Psychiatric symptoms length, seizure frequency and aetiology, antibody test status (if available), immunotherapies, lines and tubes, nutrition, mobility, current PPE/infection concerns, and family contacts are all items in the ICU handover checklist.
(Justification: many patients have respiratory failure; a smooth transition reduces the time needed for ICU treatments.)
➣Nutrition, skin, mobility — basic but crucial nursing tasks
•Nutrition: monitor intake; initiate enteral feeding as directed by a physician if there is dysphagia or diminished awareness. Electrolyte and weight checks every day.
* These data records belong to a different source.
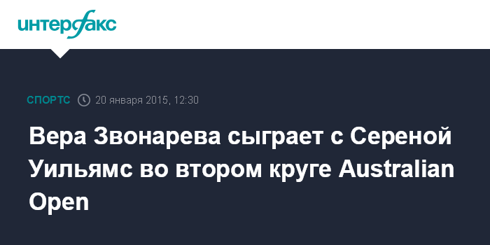 Москва. 20 января. INTERFAX.RU - Лидер рейтинга Женской теннисной ассоциации (WTA) американка Серена Уильямс стала соперницей россиянки Веры Звонаревой (203-я ракетка мира) во втором круге Открытого чемпионата Австралии.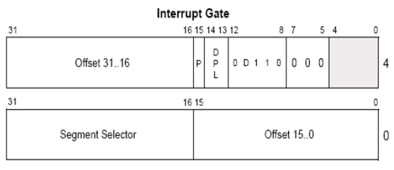 P = 1 S = 0 TYPE = 1110 为 32位中断门描述符(D位=0为16位 D位=1为32位)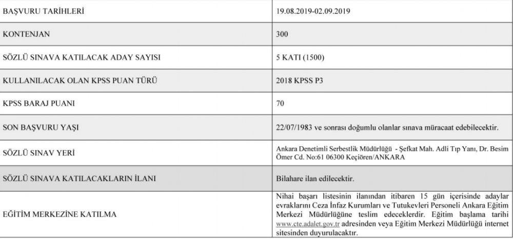 Ceza ve Tevkifevleri Genel Müdürlüğü yeni ilan yayımladı. Yayımlanan ilanda , idare memuru olarak yetiştirmek üzere personel alımı yapılacağına yer verildi. 300 memur alımı için yayımlanan ilan , başvuru şartları ve başvuru tarihleri haberimizde.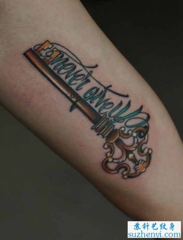 漂亮的彩色钥匙与字母纹身_字母纹身图案大全_纹身图吧

• Preventing skin and contractures: rotating often, checking pressure points, and passive range of motion if immobilised.
• Bowel and bladder: avoid constipation (risk of opioids and immobility); if retention is suspected, do a bladder scan.
(Justification: extended hospital stays result in problems that lengthen recuperation and raise morbidity.)
➣ Infection prevention & lines
Immunocompromised patients should exercise caution: early removal of superfluous catheters; stringent asepsis for invasive lines. Keep an eye out for fever and its cause (e.g., UTI, pneumonia, line). If necessary, take measures against neutropenia.
(Justification: immunotherapy raises the risk of infection.)
➣ Family involvement, communication & psychosocial care
•Clearly explain the autoimmune underpinnings in plain terms to enable families work together and lessen stigma.
•Be prepared for the following: relapses are possible; recovery is frequently gradual (weeks to months); and cognitive impairments are frequent in the early stages after sickness.
•Give useful assistance, such as contact information for community neurology follow-up, social work, and rehabilitation.
(Justification: family education enhances adherence to treatment and lessens conflict.)
➣ Rehabilitation & discharge planning
•Early referral for rehabilitation: speech, PT, and OT as soon as the patient's health stabilises. Psychiatric follow-up and cognitive rehabilitation should be scheduled.
•Medication reconciliation: note the duration of immunotherapy, AEDs, and psychotropics; caution about driving limitations and returning to work or school.
•For long-term surveillance, follow up with a neurology clinic; three to six months after the sickness, think about getting neuropsych tested.
➣ Sample nursing care plan (NANDA → NOC → NIC style) — ready to copy into charts
→Problem 1: risk of harm from agitation and convulsions.
→Interventions:Pad bed rails, 1:1 supervision, a fast reaction plan, seizure prevention measures, a safe atmosphere, and ongoing monitoring. Justification: lessens shock and enables prompt action.
→Problem 2: inadequate airway clearance as a result of reduced awareness or orofacial dyskinesias.
→Goal: Keep your airway open and your oxygen saturation level high (SpO₂ > 94% unless you have COPD).
→Interventions: Suction, oxygen at the bedside, positioning, getting ready for intubation, and regular respiratory checks. Justification: avoid respiratory failure and aspiration.
→Problem 3: infection risk associated with immunosuppression.
→Goal: No new infections while in the hospital.
→Interventions: Aseptic line approach, temperature and white count monitoring, and prompt removal of intrusive equipment. Justification: Immunotherapy frequently results in infection.
→Problem 4:Nutritional imbalance: less than what the body needs.
→Goal: Preserve or enhance nutritional status (weight gain or stability).
→Interventions: Keep an eye on intake, start enteral feeding if necessary, weigh yourself every day, and see a dietitian. Justification: malnutrition hinders healing.
Notes
Schmitt SE, et al. Extreme delta brush: a unique EEG pattern in adults with anti-NMDAR encephalitis. (EEG pattern & prognostic implications).
StatPearls: Anti-NMDAR encephalitis (concise review of diagnosis & management, 2023).